Data entries:
....................

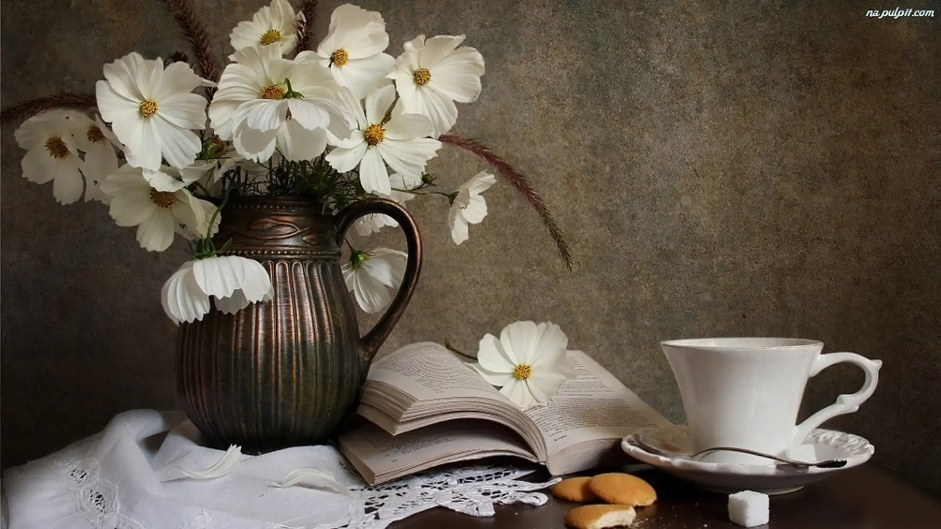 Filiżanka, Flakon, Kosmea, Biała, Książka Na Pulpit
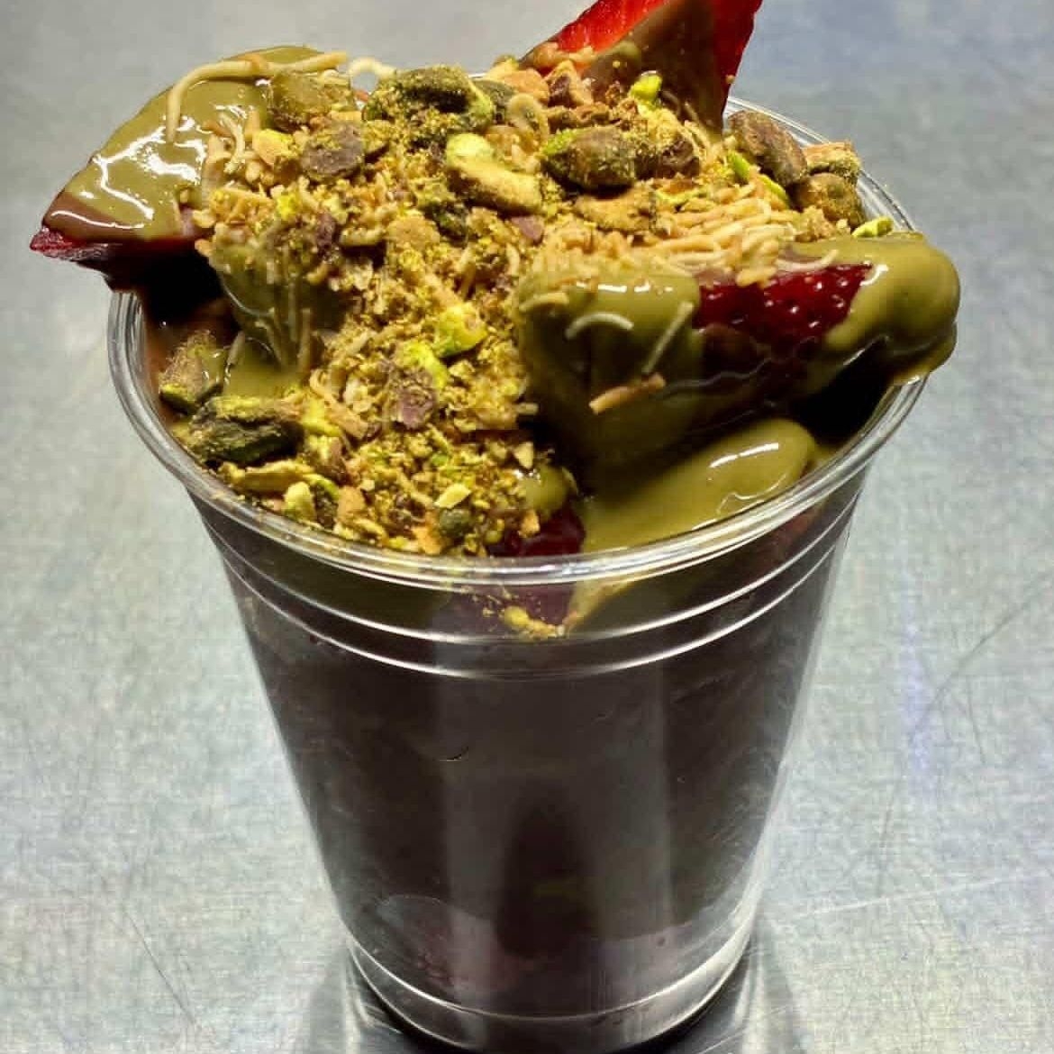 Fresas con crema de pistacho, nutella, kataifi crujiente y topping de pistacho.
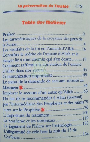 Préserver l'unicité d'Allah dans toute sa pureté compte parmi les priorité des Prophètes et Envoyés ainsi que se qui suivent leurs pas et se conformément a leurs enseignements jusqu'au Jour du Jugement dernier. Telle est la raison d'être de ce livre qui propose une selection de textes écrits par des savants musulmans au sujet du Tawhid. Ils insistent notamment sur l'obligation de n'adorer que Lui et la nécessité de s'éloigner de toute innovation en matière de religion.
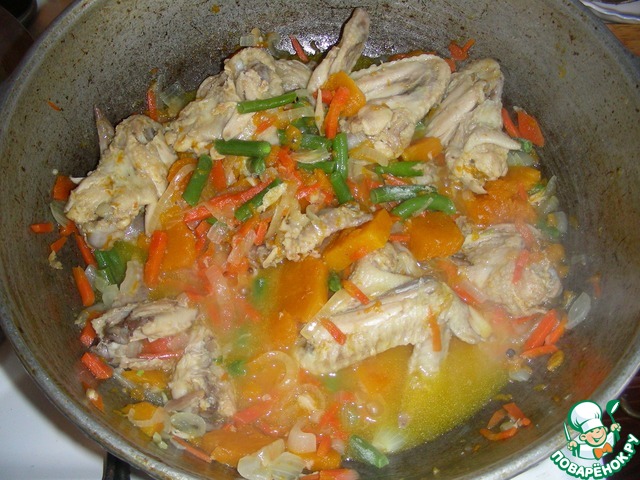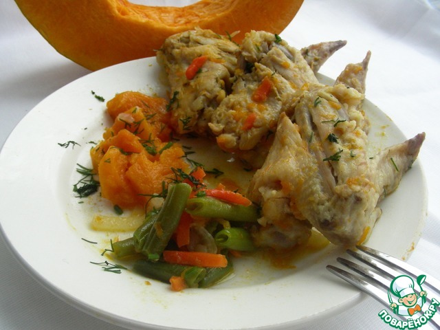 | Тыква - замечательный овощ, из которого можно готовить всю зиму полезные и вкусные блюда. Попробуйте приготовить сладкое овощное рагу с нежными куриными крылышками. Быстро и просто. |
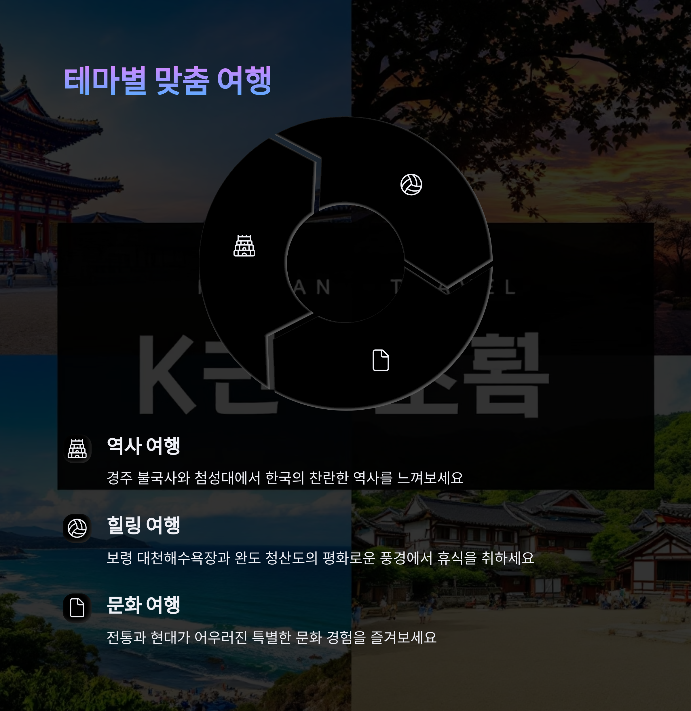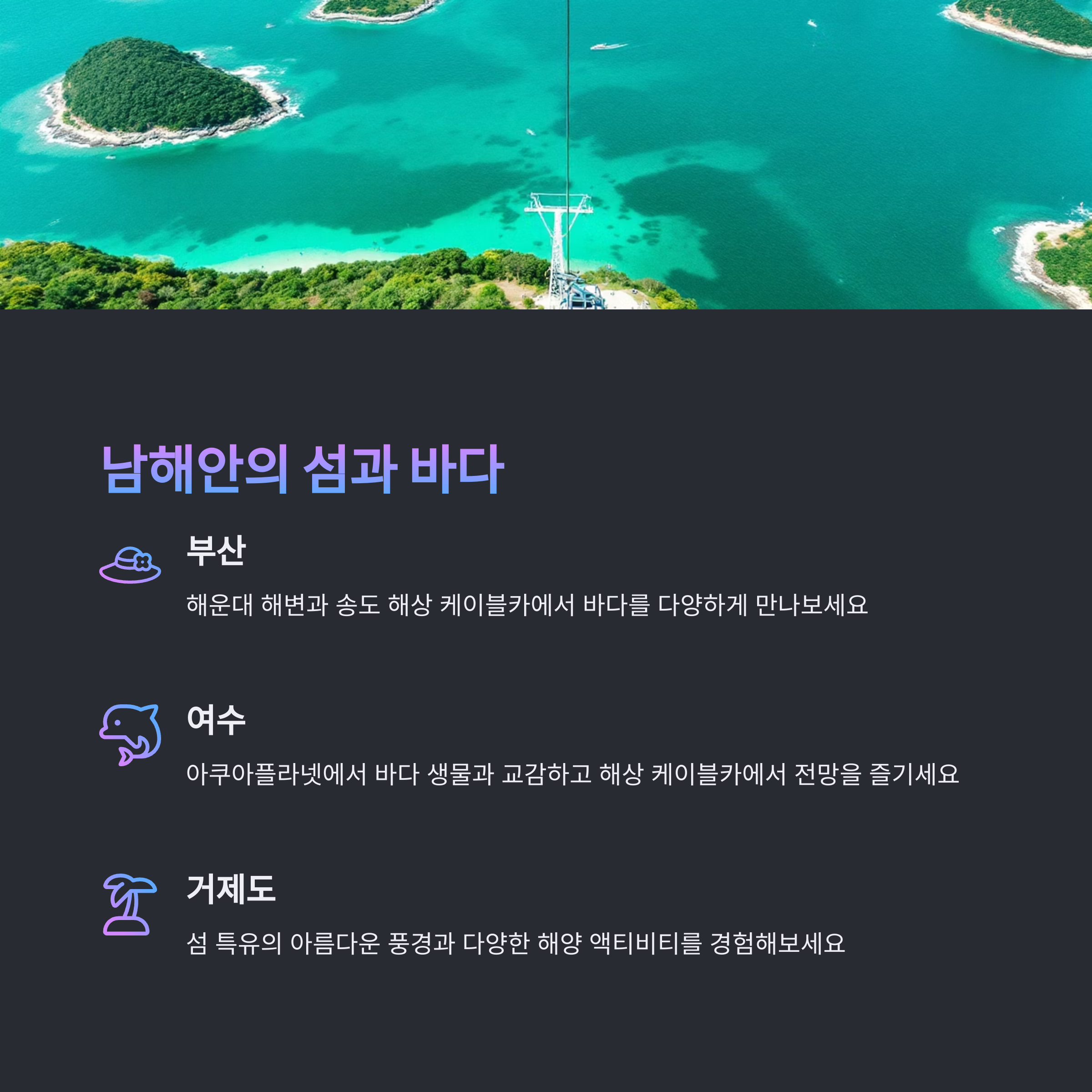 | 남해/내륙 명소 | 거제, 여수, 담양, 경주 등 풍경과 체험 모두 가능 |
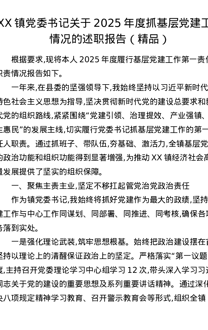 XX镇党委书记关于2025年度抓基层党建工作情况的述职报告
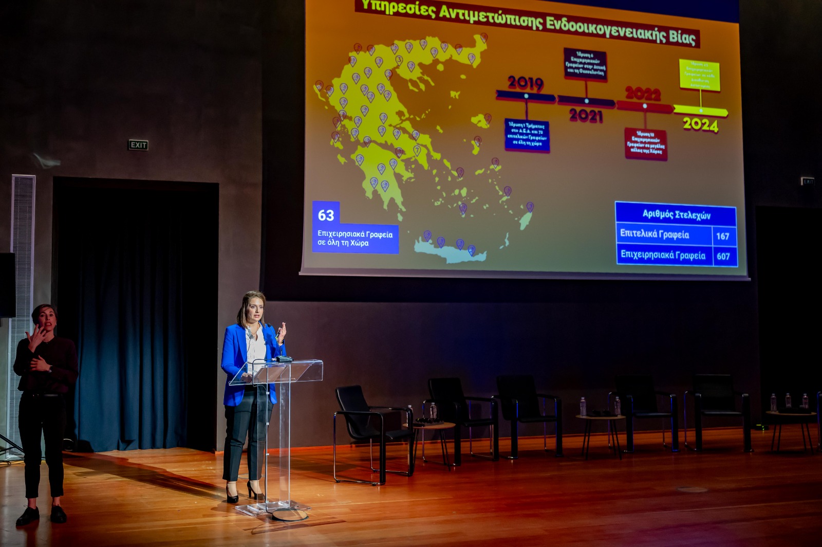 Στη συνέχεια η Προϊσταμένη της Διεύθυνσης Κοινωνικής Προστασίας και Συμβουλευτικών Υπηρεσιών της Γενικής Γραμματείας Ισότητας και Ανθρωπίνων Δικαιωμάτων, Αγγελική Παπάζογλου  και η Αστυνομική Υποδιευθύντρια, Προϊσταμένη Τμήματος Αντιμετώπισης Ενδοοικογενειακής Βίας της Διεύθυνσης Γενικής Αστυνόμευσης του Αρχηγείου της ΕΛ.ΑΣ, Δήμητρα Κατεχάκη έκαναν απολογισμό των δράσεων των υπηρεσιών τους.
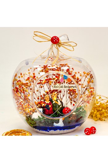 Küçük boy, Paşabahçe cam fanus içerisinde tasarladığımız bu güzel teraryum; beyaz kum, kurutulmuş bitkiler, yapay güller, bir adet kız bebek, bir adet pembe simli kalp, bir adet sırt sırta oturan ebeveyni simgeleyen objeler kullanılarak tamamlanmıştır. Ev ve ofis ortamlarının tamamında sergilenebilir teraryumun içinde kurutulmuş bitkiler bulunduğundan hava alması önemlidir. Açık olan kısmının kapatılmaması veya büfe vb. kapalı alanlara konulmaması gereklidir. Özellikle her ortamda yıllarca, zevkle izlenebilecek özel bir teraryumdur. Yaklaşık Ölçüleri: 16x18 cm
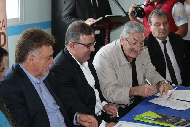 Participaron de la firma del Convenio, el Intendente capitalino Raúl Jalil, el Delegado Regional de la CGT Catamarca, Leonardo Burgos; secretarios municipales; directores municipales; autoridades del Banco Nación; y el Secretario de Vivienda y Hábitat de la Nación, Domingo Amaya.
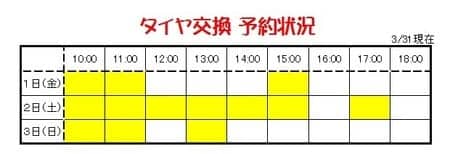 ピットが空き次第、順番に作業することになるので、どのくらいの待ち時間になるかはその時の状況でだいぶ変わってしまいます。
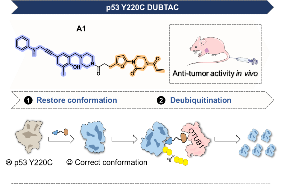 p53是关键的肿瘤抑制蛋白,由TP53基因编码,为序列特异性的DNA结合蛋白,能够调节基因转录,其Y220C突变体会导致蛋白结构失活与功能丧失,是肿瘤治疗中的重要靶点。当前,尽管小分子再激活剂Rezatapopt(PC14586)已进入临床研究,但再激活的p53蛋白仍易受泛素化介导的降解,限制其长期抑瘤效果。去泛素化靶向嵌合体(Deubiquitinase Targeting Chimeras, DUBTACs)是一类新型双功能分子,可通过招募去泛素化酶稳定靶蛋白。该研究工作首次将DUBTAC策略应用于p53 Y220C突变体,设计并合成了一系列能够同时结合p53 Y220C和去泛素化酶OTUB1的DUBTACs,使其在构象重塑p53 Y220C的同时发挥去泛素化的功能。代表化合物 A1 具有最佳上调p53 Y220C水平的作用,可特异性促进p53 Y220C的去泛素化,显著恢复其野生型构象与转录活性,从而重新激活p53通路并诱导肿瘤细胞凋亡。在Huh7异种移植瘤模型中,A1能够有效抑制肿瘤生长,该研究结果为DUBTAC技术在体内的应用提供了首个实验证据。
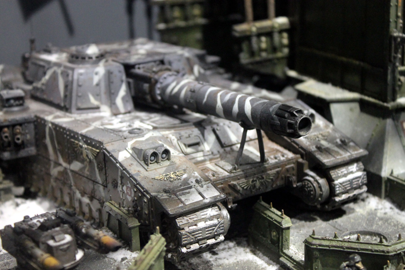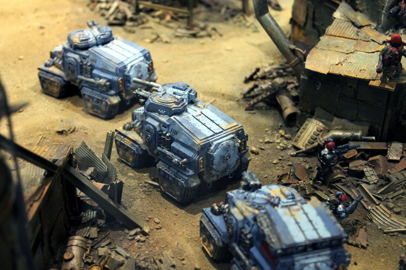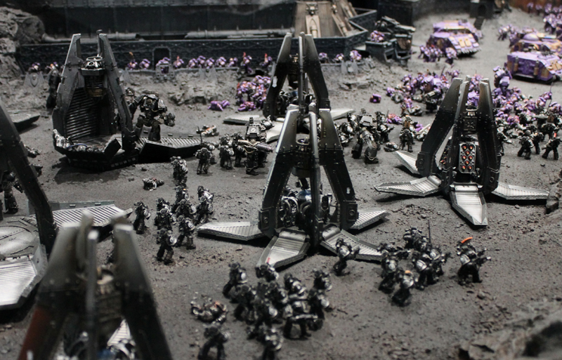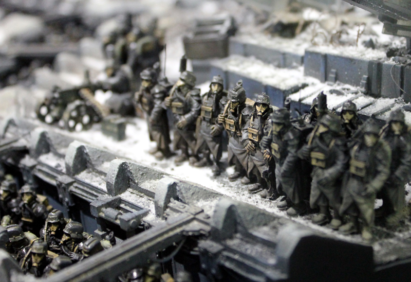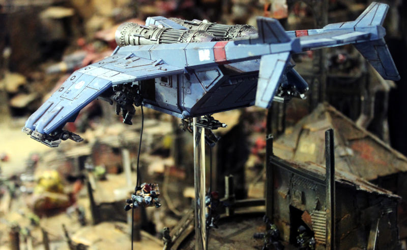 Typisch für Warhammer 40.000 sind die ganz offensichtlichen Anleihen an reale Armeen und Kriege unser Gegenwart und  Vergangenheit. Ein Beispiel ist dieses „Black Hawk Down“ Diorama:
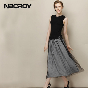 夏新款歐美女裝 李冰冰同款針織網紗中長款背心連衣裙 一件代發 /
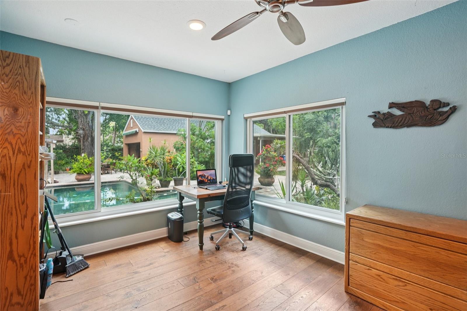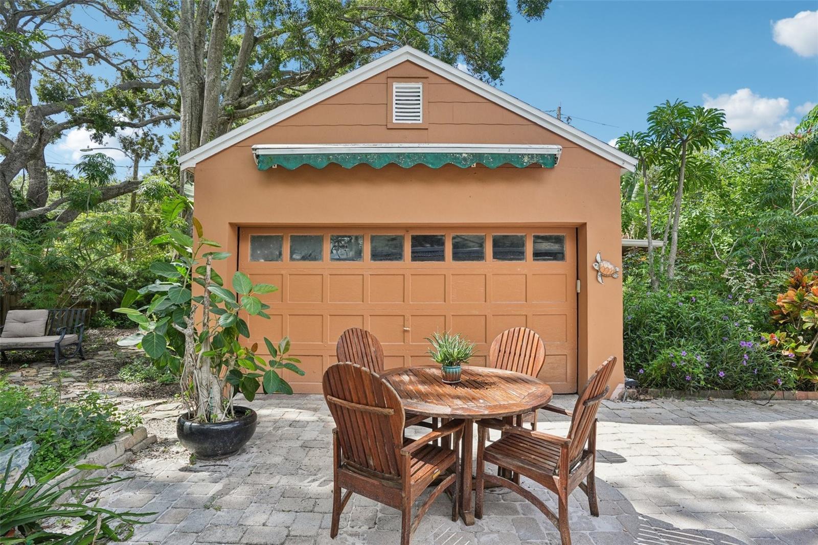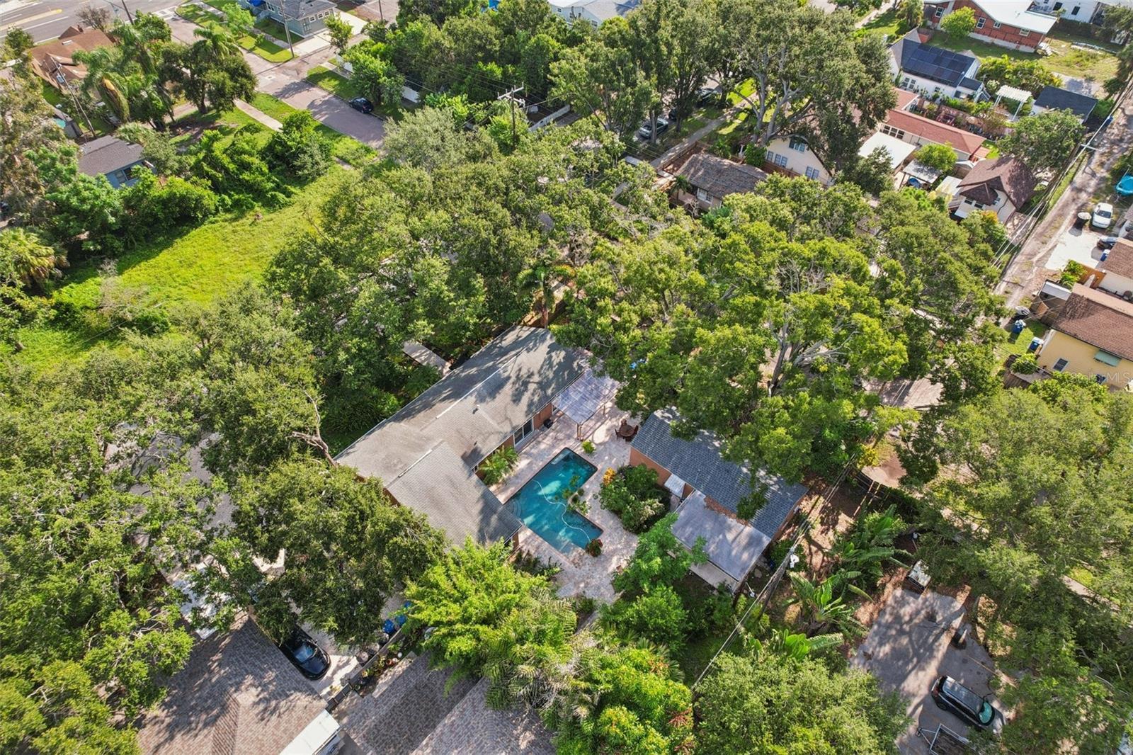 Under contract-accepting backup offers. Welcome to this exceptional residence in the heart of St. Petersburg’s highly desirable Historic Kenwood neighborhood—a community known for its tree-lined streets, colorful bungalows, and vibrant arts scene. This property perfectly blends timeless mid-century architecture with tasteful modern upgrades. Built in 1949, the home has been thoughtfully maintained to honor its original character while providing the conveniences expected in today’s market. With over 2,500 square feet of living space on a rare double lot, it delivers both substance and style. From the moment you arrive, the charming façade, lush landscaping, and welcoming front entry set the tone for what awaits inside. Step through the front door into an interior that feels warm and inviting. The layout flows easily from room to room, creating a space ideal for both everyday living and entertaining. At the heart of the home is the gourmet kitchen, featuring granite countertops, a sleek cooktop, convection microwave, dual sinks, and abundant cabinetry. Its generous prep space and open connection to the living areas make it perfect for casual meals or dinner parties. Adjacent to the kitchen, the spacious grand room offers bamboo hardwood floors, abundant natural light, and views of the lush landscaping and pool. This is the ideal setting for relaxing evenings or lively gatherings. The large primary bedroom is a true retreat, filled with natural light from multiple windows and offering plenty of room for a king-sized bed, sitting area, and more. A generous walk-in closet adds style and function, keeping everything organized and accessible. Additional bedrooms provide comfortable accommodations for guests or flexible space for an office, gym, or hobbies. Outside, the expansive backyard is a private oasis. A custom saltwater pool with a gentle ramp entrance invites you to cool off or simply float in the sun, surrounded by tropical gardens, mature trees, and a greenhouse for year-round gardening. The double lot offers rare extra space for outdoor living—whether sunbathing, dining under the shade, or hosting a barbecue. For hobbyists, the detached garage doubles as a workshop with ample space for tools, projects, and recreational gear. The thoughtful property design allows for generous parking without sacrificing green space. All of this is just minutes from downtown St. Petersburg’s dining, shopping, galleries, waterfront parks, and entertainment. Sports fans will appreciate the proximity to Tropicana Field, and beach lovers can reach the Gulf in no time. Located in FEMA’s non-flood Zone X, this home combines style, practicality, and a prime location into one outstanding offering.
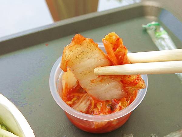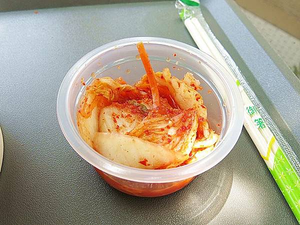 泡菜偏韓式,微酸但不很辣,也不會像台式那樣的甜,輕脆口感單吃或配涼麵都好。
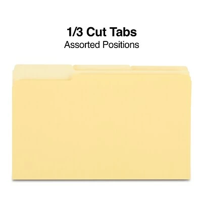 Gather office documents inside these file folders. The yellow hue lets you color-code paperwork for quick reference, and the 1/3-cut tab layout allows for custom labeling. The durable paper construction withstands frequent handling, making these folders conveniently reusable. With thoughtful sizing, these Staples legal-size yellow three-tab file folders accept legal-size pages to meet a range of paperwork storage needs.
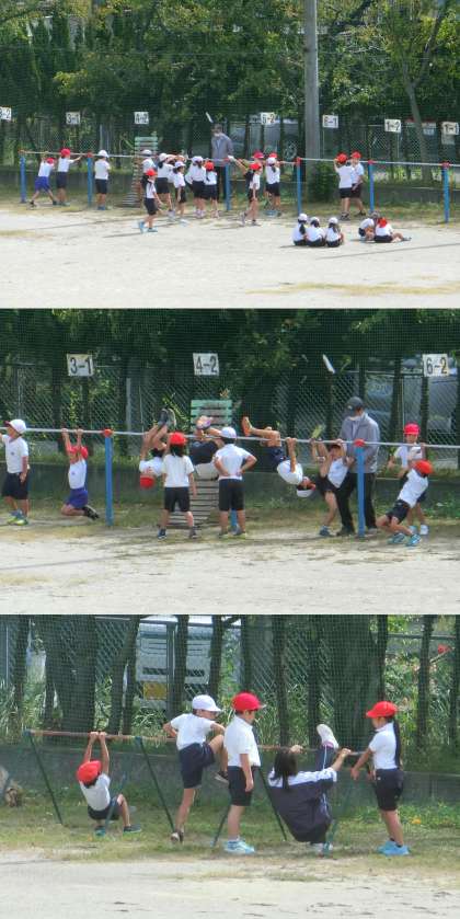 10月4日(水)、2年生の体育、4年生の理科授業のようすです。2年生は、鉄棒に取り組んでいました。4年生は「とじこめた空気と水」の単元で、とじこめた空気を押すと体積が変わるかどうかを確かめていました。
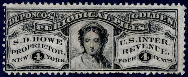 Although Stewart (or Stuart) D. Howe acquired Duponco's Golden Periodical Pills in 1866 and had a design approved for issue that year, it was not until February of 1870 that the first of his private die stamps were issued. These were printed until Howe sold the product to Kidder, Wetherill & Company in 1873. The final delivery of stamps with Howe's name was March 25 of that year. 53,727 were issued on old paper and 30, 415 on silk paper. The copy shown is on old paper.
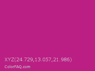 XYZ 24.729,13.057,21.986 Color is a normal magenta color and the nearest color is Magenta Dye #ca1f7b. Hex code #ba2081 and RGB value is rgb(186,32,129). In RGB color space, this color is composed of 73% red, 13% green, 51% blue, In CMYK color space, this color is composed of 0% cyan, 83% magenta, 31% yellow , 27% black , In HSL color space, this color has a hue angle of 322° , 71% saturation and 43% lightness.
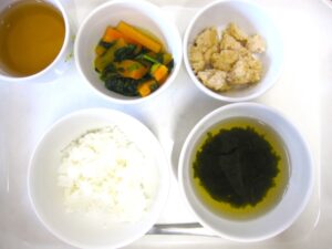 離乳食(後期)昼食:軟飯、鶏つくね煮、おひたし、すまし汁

....................

→ **Instructions for the task**
Pictures do not belong in the answer. Return the lines above starting at the one with "Gather office documents" and ending at the one with "10月4日(水)、2年生の体", both kept, exactly.

→ **Solution for this task**
 Gather office documents inside these file folders. The yellow hue lets you color-code paperwork for quick reference, and the 1/3-cut tab layout allows for custom labeling. The durable paper construction withstands frequent handling, making these folders conveniently reusable. With thoughtful sizing, these Staples legal-size yellow three-tab file folders accept legal-size pages to meet a range of paperwork storage needs.
 10月4日(水)、2年生の体育、4年生の理科授業のようすです。2年生は、鉄棒に取り組んでいました。4年生は「とじこめた空気と水」の単元で、とじこめた空気を押すと体積が変わるかどうかを確かめていました。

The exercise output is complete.